The data consists of very different kind of input features and real data is often noisy. Therefore, finding the correct feature representation of the underlying function is hard (especially without further knowledge of the dependencies between the input features). Getting a very low MSE depends on the choice of features and the regularization parameter. Sometimes having a look at the mean and the standard deviation can also give a hint at how low the MSE can actually get. Normalization techniques can further influence the MSE and choice of features.

We have one fixed data set for training and another one for testing.

**For all students other than B.Sc. Data Science:**

4) Implement the function `cross_validation` to evaluate the prediction error of your model.
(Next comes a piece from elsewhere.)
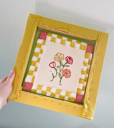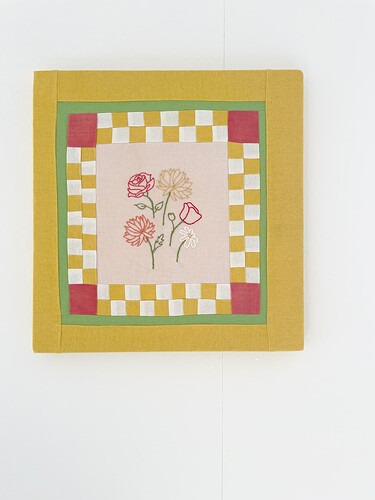 In heb een handwerkje opgespannen als een schilderijtje en het is zo schattig geworden! Dit is een cadeautje, de bloemen zijn de geboortebloemen van hun gezinsleden.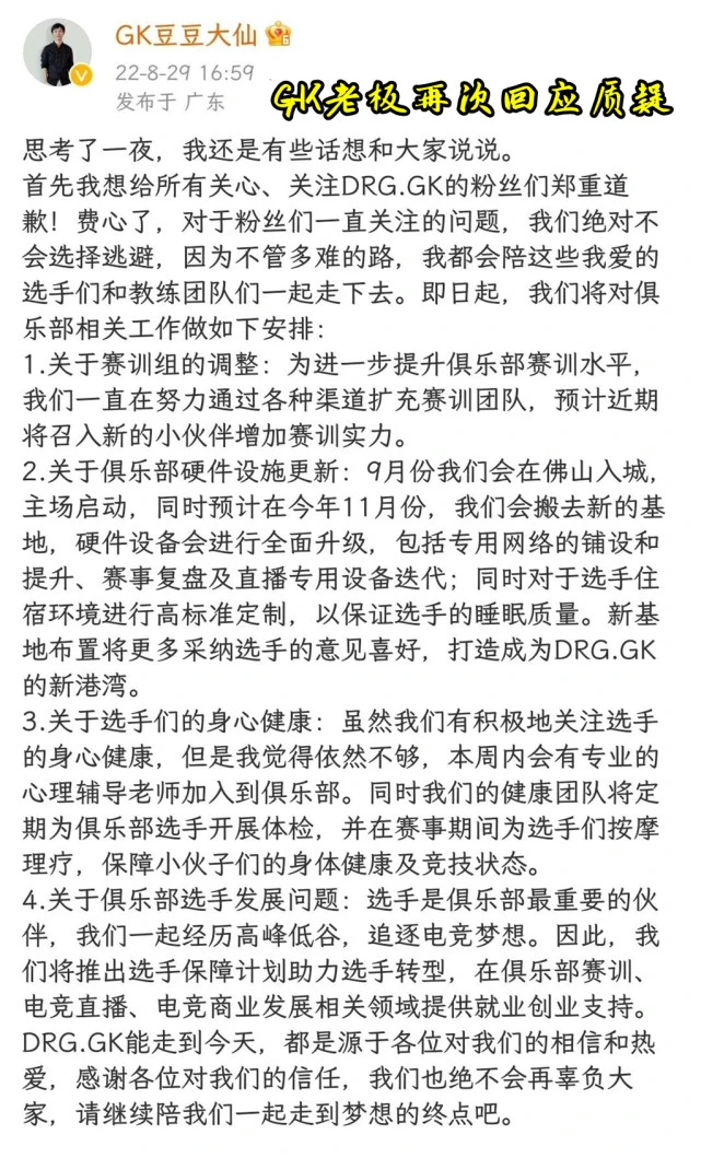 媒介KPL夏季赛季后赛已经进入尾声,佛山GK在败者组半决赛输给了北京WB之后再次止步四强,仍旧没能踏进总决赛的舞台。信赖很多GK的粉丝以及路人观众都对他们非常痛惜,毕竟近几个赛季GK的团体结果非常精彩,却总是跟冠军差着一点间隔。他们被镌汰后的记录片也是感人至深,这也引来了不少观众对GK粉丝遭遇的怜悯。日前GK老板再次回应粉丝质疑,答应提拔赛训,更新硬件办法。 GK老板再次回应粉丝质疑看过GK的记录片之后,不少路人粉丝都对他们的老板非常不满,更不消说他们俱乐部本身的粉丝了。各人对老板的质疑无外乎以下几个方面——赛训组不完备、硬件办法差、选手的康健标题以及尽力保障。本来GK的老板木木发长文说了一大堆话,但是他通篇都没有正面回应,这也引发了粉丝的剧烈不满,很多人都以为他是在破罐子破摔摆烂,而颠末了一夜的思量之后,豆豆再次发文回应了各人的质疑。 答应提拔赛训豆豆起首阐明白队伍赛训组的调解,称他们不绝在积极扩充团队,预计近期将招入新的小同伴提拔赛训气力。且不说豆豆的答应是真是假,把赛训放到第一位绝对是最准确的选择,哪怕当年的TS穷到发不起锻练和选手的工资,他们也是组建了一套不错的赛训组。GK被镌汰后择锻练的泪水也感动了不少人,他一个人要完成别人一个团队的工作,确实有些能人所难了。 更新硬件办法现在同盟中16支拥有着KPL正式席位的俱乐部都有了本身的主场都会,而且很多战队都有了本身的线下主场。GK的主场都会便是佛山,但是他们的线下主场不绝都没有启用。豆豆在声明中指出9月份他们将会启动佛山主场,而且11分会搬进新的基地,届时他们的硬件装备会举行全面升级,包罗复盘和直播的专用装备迭代、专用网络铺设以及选手的过夜环境提拔等。 小雨见解别的豆豆还称他们后续会引进专业的生理辅导老师以及康健团队,而且会为选手们退出保障筹划,助力他们转型。如果豆豆真能把本身的说的话全部实现,那么GK的选手们远景还是不错的,粉丝们就一起等着看豆豆老板的话能否实现吧。 |

Report the mean squared error from cross-validation. (Ideally, repeat this for different Ridge regularization parameters `lambda_` and generate a nice bar plot of the MSE for various `lambda_`.)

In [12]:
def cross_validation(regression_model, X, y):
    n, d = X.shape
    k_folds = 10
    boundaries = np.linspace(0, n, k_folds+1)[1:]
    nind = np.array([ sum(i > boundaries) for i in range(n) ])
    bind = np.equal.outer(range(k_folds), nind)
    
    loss_cv = np.empty(k_folds)
    for i in range(k_folds):
        X_train, y_train = X[~bind[i]], y[~bind[i]]
        X_test, y_test = X[bind[i]], y[bind[i]]

        regression_model.fit(X_train, y_train)
        yhat_test = regression_model.predict(X_test)
        loss_cv[i] = MSE(yhat_test, y_test)
    
    return loss_cv.mean()

lambdas = np.outer(10. ** np.arange(-7, 3), [1, 3, 6]).ravel()
loss = np.zeros(lambdas.size)
for i in range(lambdas.size):
    your_regression = RidgeRegression(lambda_=lambdas[i], ftype='nasa')
    loss[i] = cross_validation(your_regression, X, y)
li = loss.argmin()
print('Lambda:', lambdas[li])

plt.figure()
plt.semilogx(lambdas, loss, label='loss')
plt.axvline(lambdas[li], color='r')
plt.suptitle('Evaluation of Lambda Values')
plt.xlabel('$\lambda$')
plt.ylabel('Mean Squared Error')
plt.legend(loc=4)


your_regression = RidgeRegression(lambda_=lambdas[li], ftype='nasa')
print('Loss:', loss[li])

Lambda: 1e-06


<IPython.core.display.Javascript object>

Loss: 18.48140257782061


Due to cross-validation, we have a higher MSE since basically all data points are used with one set left out (validation dat set) and the overall performance depends on the mean of these validation data sets. It partially resembles the results from the previous experiment.